Exercise prompt ::
Repeat, line for line, the entries below from the first line to the line containing "接下来选择早餐月卡,再点击【立即购买】就可以了", counting both ends.

------

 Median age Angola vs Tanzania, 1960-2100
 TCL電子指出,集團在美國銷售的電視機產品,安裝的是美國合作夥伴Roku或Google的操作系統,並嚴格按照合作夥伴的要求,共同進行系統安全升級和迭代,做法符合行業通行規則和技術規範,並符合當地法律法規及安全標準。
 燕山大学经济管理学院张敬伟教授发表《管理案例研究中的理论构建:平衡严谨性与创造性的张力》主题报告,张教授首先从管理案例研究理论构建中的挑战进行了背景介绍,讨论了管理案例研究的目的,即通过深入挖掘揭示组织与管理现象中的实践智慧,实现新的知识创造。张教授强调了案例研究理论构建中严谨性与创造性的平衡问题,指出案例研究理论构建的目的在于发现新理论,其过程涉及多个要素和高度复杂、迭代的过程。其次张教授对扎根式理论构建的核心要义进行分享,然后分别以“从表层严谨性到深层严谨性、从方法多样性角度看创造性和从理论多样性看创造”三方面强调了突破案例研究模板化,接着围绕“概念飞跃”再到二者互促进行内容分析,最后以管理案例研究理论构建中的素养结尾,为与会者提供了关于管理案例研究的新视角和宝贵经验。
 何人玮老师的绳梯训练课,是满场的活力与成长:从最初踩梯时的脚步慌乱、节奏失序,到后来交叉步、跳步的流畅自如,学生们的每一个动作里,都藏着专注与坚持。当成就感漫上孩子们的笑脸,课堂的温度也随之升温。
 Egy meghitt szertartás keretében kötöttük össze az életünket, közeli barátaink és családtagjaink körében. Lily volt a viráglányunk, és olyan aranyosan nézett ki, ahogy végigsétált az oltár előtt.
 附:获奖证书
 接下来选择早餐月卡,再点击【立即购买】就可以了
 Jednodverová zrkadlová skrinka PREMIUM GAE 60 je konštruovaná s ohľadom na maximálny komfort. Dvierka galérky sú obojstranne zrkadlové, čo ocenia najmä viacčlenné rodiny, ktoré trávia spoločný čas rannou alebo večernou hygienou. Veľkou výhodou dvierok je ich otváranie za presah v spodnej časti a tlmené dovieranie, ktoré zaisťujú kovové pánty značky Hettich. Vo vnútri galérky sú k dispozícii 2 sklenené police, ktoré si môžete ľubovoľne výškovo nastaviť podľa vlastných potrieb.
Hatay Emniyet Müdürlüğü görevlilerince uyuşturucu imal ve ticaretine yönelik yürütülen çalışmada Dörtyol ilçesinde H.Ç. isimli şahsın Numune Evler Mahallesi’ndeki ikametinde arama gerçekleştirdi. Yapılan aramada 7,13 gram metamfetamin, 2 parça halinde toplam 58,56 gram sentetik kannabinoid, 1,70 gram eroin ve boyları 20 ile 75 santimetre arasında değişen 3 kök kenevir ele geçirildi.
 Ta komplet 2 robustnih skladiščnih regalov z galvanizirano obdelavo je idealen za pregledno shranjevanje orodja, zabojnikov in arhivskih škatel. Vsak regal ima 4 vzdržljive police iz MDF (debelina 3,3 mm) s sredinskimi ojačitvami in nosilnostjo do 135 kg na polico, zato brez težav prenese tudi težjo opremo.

------

Written answer ::
 Median age Angola vs Tanzania, 1960-2100
 TCL電子指出,集團在美國銷售的電視機產品,安裝的是美國合作夥伴Roku或Google的操作系統,並嚴格按照合作夥伴的要求,共同進行系統安全升級和迭代,做法符合行業通行規則和技術規範,並符合當地法律法規及安全標準。
 燕山大学经济管理学院张敬伟教授发表《管理案例研究中的理论构建:平衡严谨性与创造性的张力》主题报告,张教授首先从管理案例研究理论构建中的挑战进行了背景介绍,讨论了管理案例研究的目的,即通过深入挖掘揭示组织与管理现象中的实践智慧,实现新的知识创造。张教授强调了案例研究理论构建中严谨性与创造性的平衡问题,指出案例研究理论构建的目的在于发现新理论,其过程涉及多个要素和高度复杂、迭代的过程。其次张教授对扎根式理论构建的核心要义进行分享,然后分别以“从表层严谨性到深层严谨性、从方法多样性角度看创造性和从理论多样性看创造”三方面强调了突破案例研究模板化,接着围绕“概念飞跃”再到二者互促进行内容分析,最后以管理案例研究理论构建中的素养结尾,为与会者提供了关于管理案例研究的新视角和宝贵经验。
 何人玮老师的绳梯训练课,是满场的活力与成长:从最初踩梯时的脚步慌乱、节奏失序,到后来交叉步、跳步的流畅自如,学生们的每一个动作里,都藏着专注与坚持。当成就感漫上孩子们的笑脸,课堂的温度也随之升温。
 Egy meghitt szertartás keretében kötöttük össze az életünket, közeli barátaink és családtagjaink körében. Lily volt a viráglányunk, és olyan aranyosan nézett ki, ahogy végigsétált az oltár előtt.
 附:获奖证书
 接下来选择早餐月卡,再点击【立即购买】就可以了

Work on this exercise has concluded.